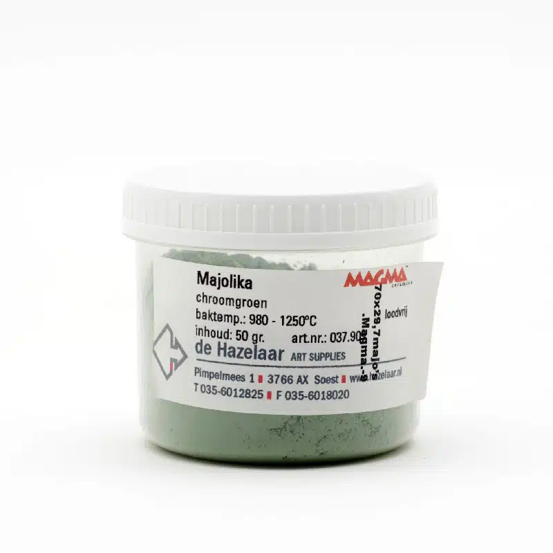 Magma Majolika wordt gebruikt voor het beschilderen van biscuitgebakken klei en wordt ook gebruikt voor zowel onder- als opglazuur. De poeder kan worden aangemaakt met Malmedium M10(art.nr. 035.865.50).
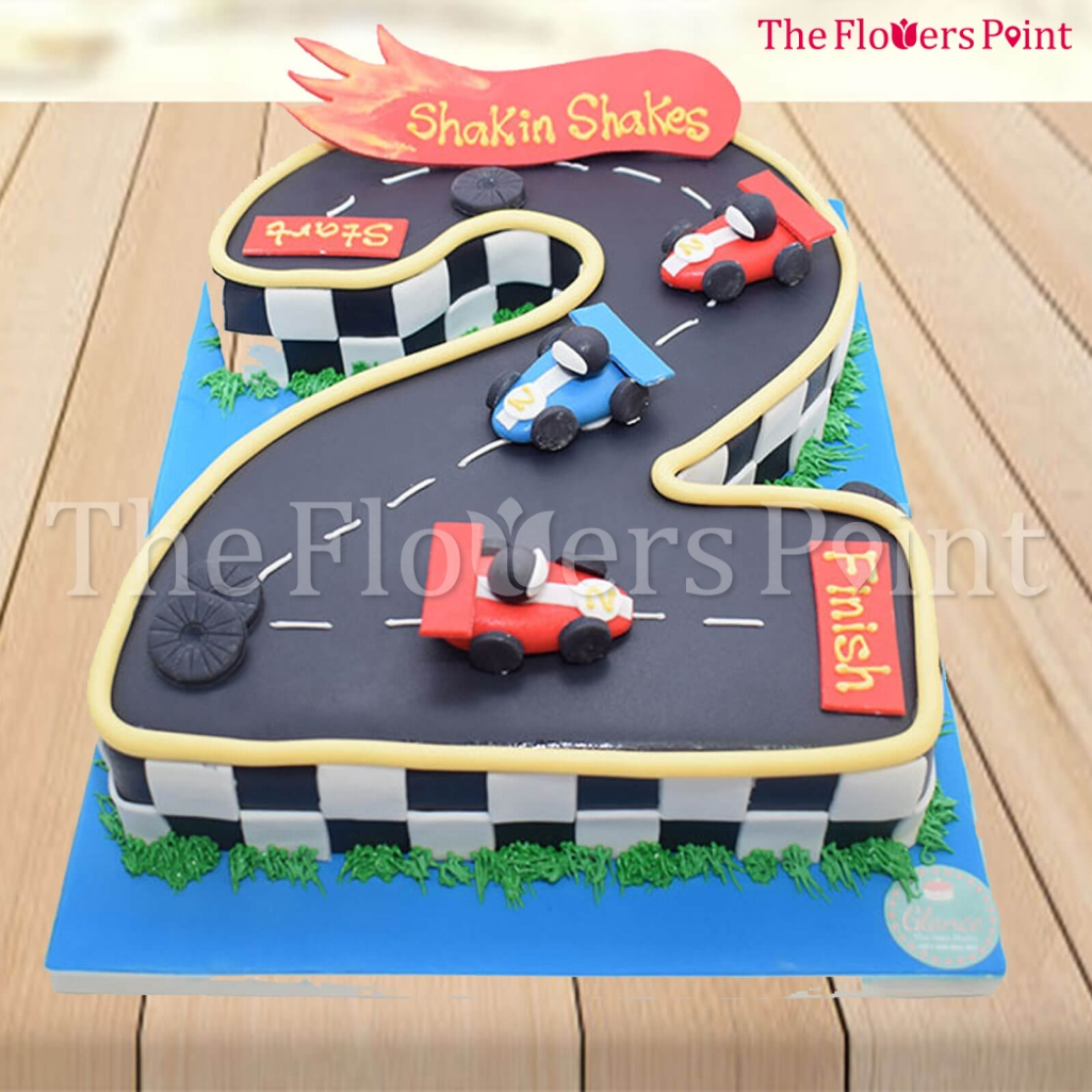 The cake’s dynamic design brings a sense of speed and adventure, making it an exciting centerpiece for a toddler’s birthday. It’s perfect for children who are fascinated by cars and racing.
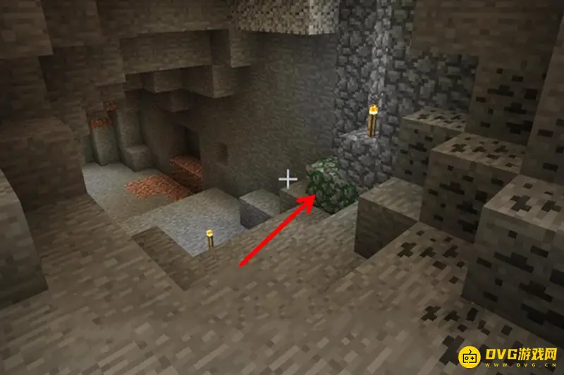 5、还有一种找到刷怪笼的方法是在地下碰到有苔石的地方,就说明附近有刷怪笼。
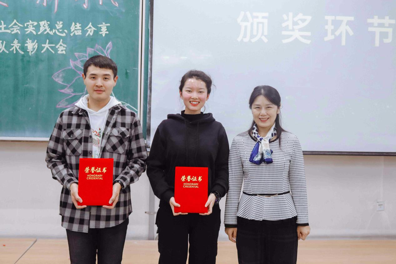 学院党委副书记田海燕为“中国大学生自强之星”、黑龙江省“十大杰出青年志愿者”标兵毕轩和研究生支教团优秀志愿者吴静谊颁发证书
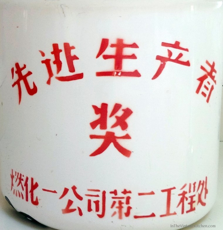 In April, we posed the question…how many people does it take to translate a mug? We were up to four at that point with two more possibilities waiting in the wings of email communication. The mug in question was a vintage 1950s enamelware-covered cup made by the Peacock Enamelware Factory in Tianjin, China.
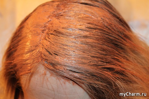 Второй раз, я вместо воды добавила теплого пива для активного роста волос, бальзам. Смесь получилась кирпичного цвета. Нанесла на волосы с помощью кисточки для краски, пакет, погрела немного феном и под полотенце. Цвет по-прежнему стал нежно-розовым, но я уже знала что надо лучше смывать.
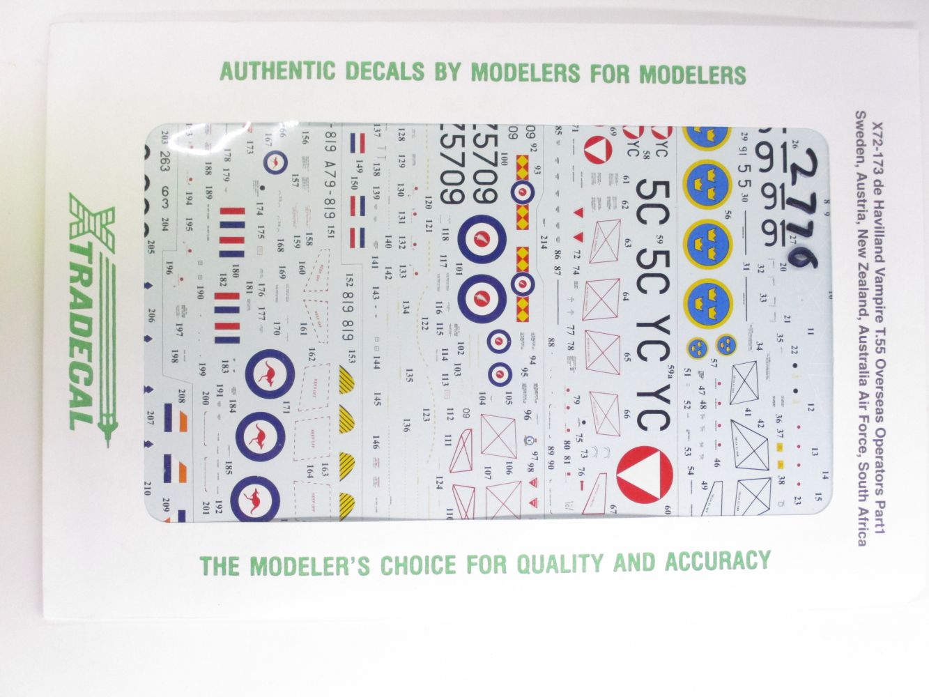 XTRADECAL  2770 X72-173 DE HAVILLAND VAMPIRE T.55 OVERSEAS OPERATORS PART1 SWEDEN  AUSTRIA  NEW ZEALAND  AUSTRALIA AIR FORCE  SOUTH FRANCE Discount Decals
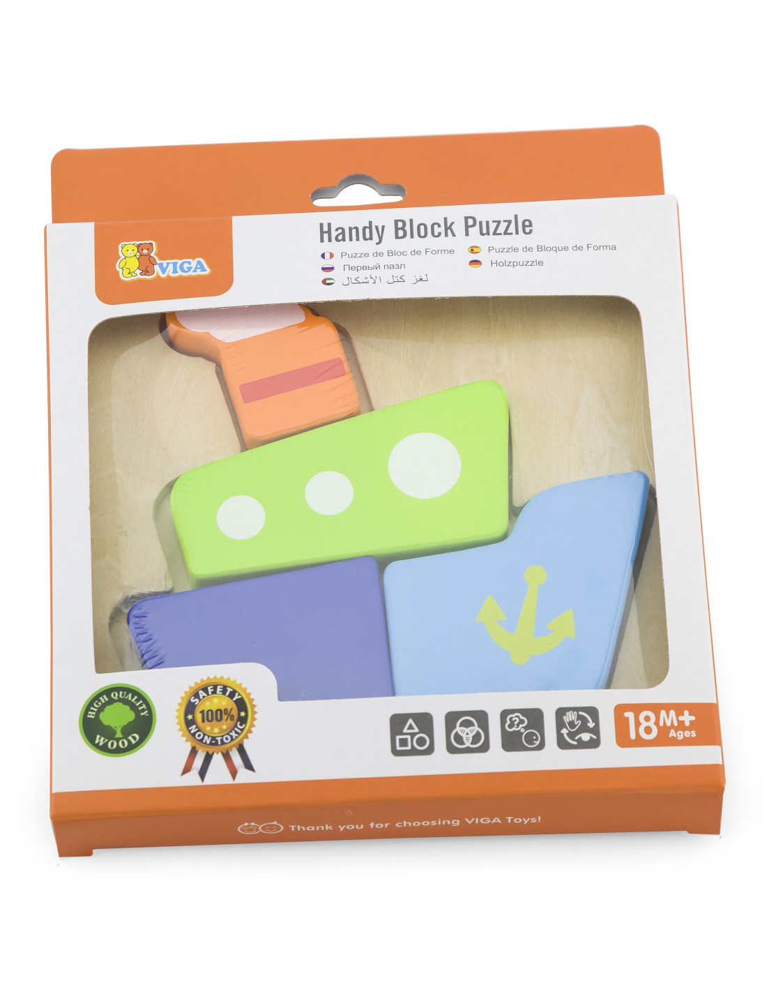Wooden Mini Puzzles from the renowned Viga brand for children It's the perfect solution for both home and preschool play. The puzzle consists of four pieces that together form a ship . The wooden base features a recessed shape that corresponds to the colorful puzzle pieces.
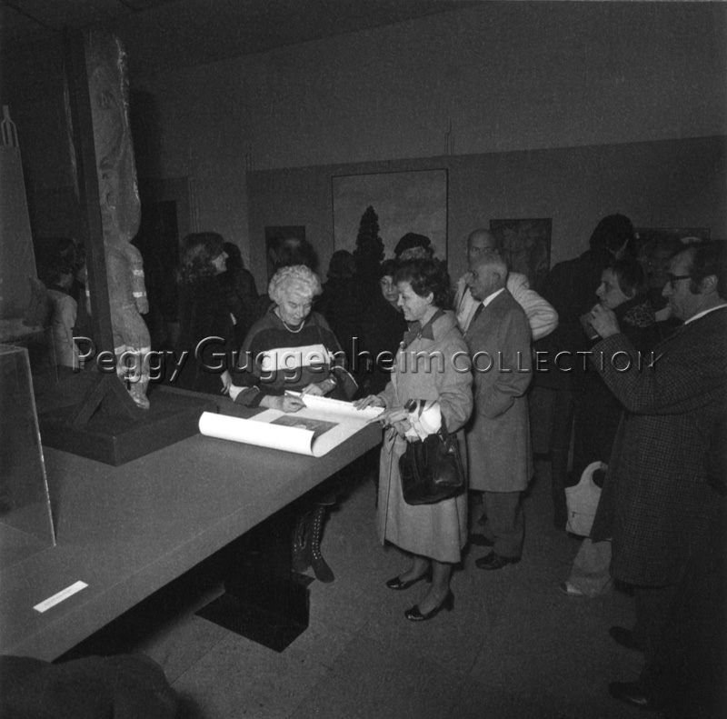 Peggy Guggenheim appone la sua firma durante l'inaugurazione della mostra dedicata alla Collezione Peggy Guggenheim, presso la Galleria Civica d'Arte Moderna di Torino, dal dicembre 1975 al febbraio 1976. Sul tavolo una scultura della sua collezione d'arte etnica: "Figura". Sullo sfondo è visibile il dipinto di Magritte, "L'impero della luce".
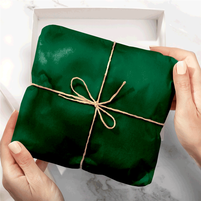 Papier de soie vert forêt polyvalent, idéal pour l’emballage et la décoration.
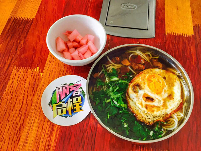 走进一家清真馆(张记)来一份特色牛肉粉+一份酸萝卜.就俩字“绝了”.老板看我来旅游就过来聊上两句,他说:“飞机就是快就是方便,越来越多人到这玩,就是因为交通便利带动这里的发展,才让我也买上了车.” 一份牛肉粉12 酸萝卜免费
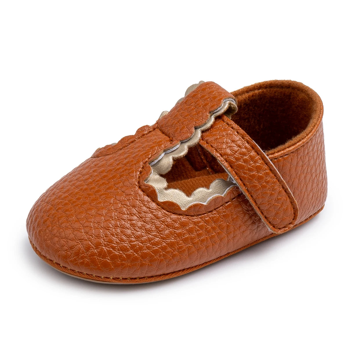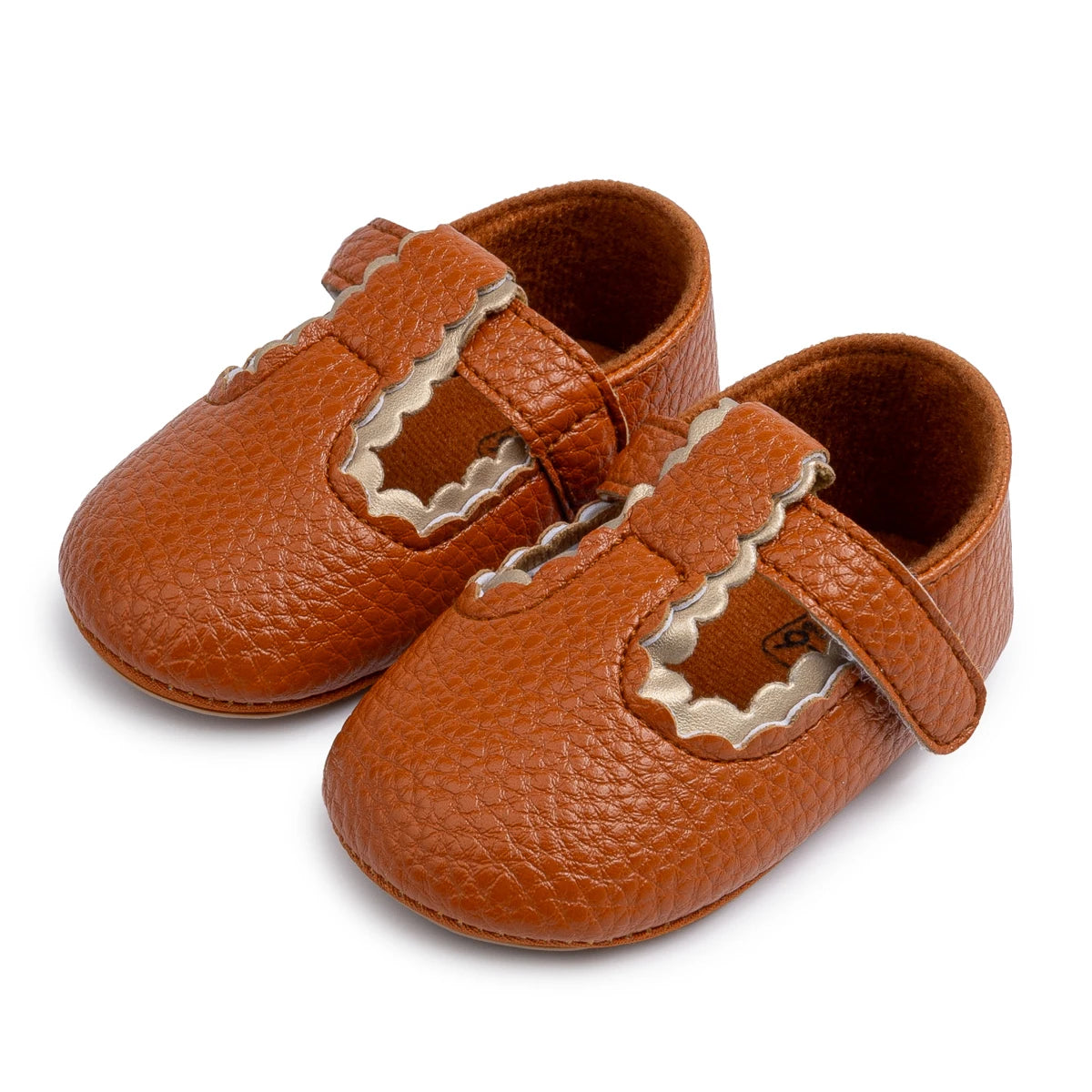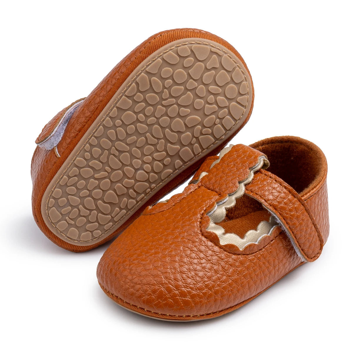 Elevate your baby girl’s wardrobe with the Liana T-Bar Baby Shoes in Tan – a beautiful, earthy-toned pair designed for both comfort and milestone moments. The flexible, grip-enhanced sole supports little feet as they transition from crawling to walking. The Velcro T-bar design makes getting ready fuss-free, while the polished tan finish adds a touch of charm to any ensemble. Ideal for autumn outfits, family photos or everyday playdates.
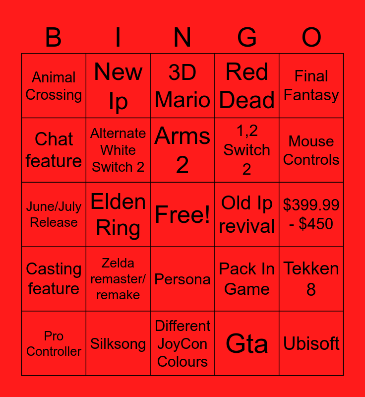 This bingo card has a free space and 24 words: Zelda remaster/ remake, Silksong, Arms 2, Pro Controller, Final Fantasy, Animal Crossing, Chat feature, New Ip, Old Ip revival, Persona, 1,2 Switch 2, June/July Release, Pack In Game, Tekken 8, Alternate White Switch 2, Gta, $399.99 - $450, 3D Mario, Mouse Controls, Elden Ring, Ubisoft, Casting feature, Red Dead and Different JoyCon Colours.

□ □ □

▶ [WORK TASK] Transcribe each record exactly as it appears, but omit every picture.

▶ [RESULT FOR THIS TASK]
 Magma Majolika wordt gebruikt voor het beschilderen van biscuitgebakken klei en wordt ook gebruikt voor zowel onder- als opglazuur. De poeder kan worden aangemaakt met Malmedium M10(art.nr. 035.865.50).
 The cake’s dynamic design brings a sense of speed and adventure, making it an exciting centerpiece for a toddler’s birthday. It’s perfect for children who are fascinated by cars and racing.
 5、还有一种找到刷怪笼的方法是在地下碰到有苔石的地方,就说明附近有刷怪笼。
 学院党委副书记田海燕为“中国大学生自强之星”、黑龙江省“十大杰出青年志愿者”标兵毕轩和研究生支教团优秀志愿者吴静谊颁发证书
 In April, we posed the question…how many people does it take to translate a mug? We were up to four at that point with two more possibilities waiting in the wings of email communication. The mug in question was a vintage 1950s enamelware-covered cup made by the Peacock Enamelware Factory in Tianjin, China.
 Второй раз, я вместо воды добавила теплого пива для активного роста волос, бальзам. Смесь получилась кирпичного цвета. Нанесла на волосы с помощью кисточки для краски, пакет, погрела немного феном и под полотенце. Цвет по-прежнему стал нежно-розовым, но я уже знала что надо лучше смывать.
 XTRADECAL  2770 X72-173 DE HAVILLAND VAMPIRE T.55 OVERSEAS OPERATORS PART1 SWEDEN  AUSTRIA  NEW ZEALAND  AUSTRALIA AIR FORCE  SOUTH FRANCE Discount Decals
Wooden Mini Puzzles from the renowned Viga brand for children It's the perfect solution for both home and preschool play. The puzzle consists of four pieces that together form a ship . The wooden base features a recessed shape that corresponds to the colorful puzzle pieces.
 Peggy Guggenheim appone la sua firma durante l'inaugurazione della mostra dedicata alla Collezione Peggy Guggenheim, presso la Galleria Civica d'Arte Moderna di Torino, dal dicembre 1975 al febbraio 1976. Sul tavolo una scultura della sua collezione d'arte etnica: "Figura". Sullo sfondo è visibile il dipinto di Magritte, "L'impero della luce".
 Papier de soie vert forêt polyvalent, idéal pour l’emballage et la décoration.
 走进一家清真馆(张记)来一份特色牛肉粉+一份酸萝卜.就俩字“绝了”.老板看我来旅游就过来聊上两句,他说:“飞机就是快就是方便,越来越多人到这玩,就是因为交通便利带动这里的发展,才让我也买上了车.” 一份牛肉粉12 酸萝卜免费
 Elevate your baby girl’s wardrobe with the Liana T-Bar Baby Shoes in Tan – a beautiful, earthy-toned pair designed for both comfort and milestone moments. The flexible, grip-enhanced sole supports little feet as they transition from crawling to walking. The Velcro T-bar design makes getting ready fuss-free, while the polished tan finish adds a touch of charm to any ensemble. Ideal for autumn outfits, family photos or everyday playdates.
 This bingo card has a free space and 24 words: Zelda remaster/ remake, Silksong, Arms 2, Pro Controller, Final Fantasy, Animal Crossing, Chat feature, New Ip, Old Ip revival, Persona, 1,2 Switch 2, June/July Release, Pack In Game, Tekken 8, Alternate White Switch 2, Gta, $399.99 - $450, 3D Mario, Mouse Controls, Elden Ring, Ubisoft, Casting feature, Red Dead and Different JoyCon Colours.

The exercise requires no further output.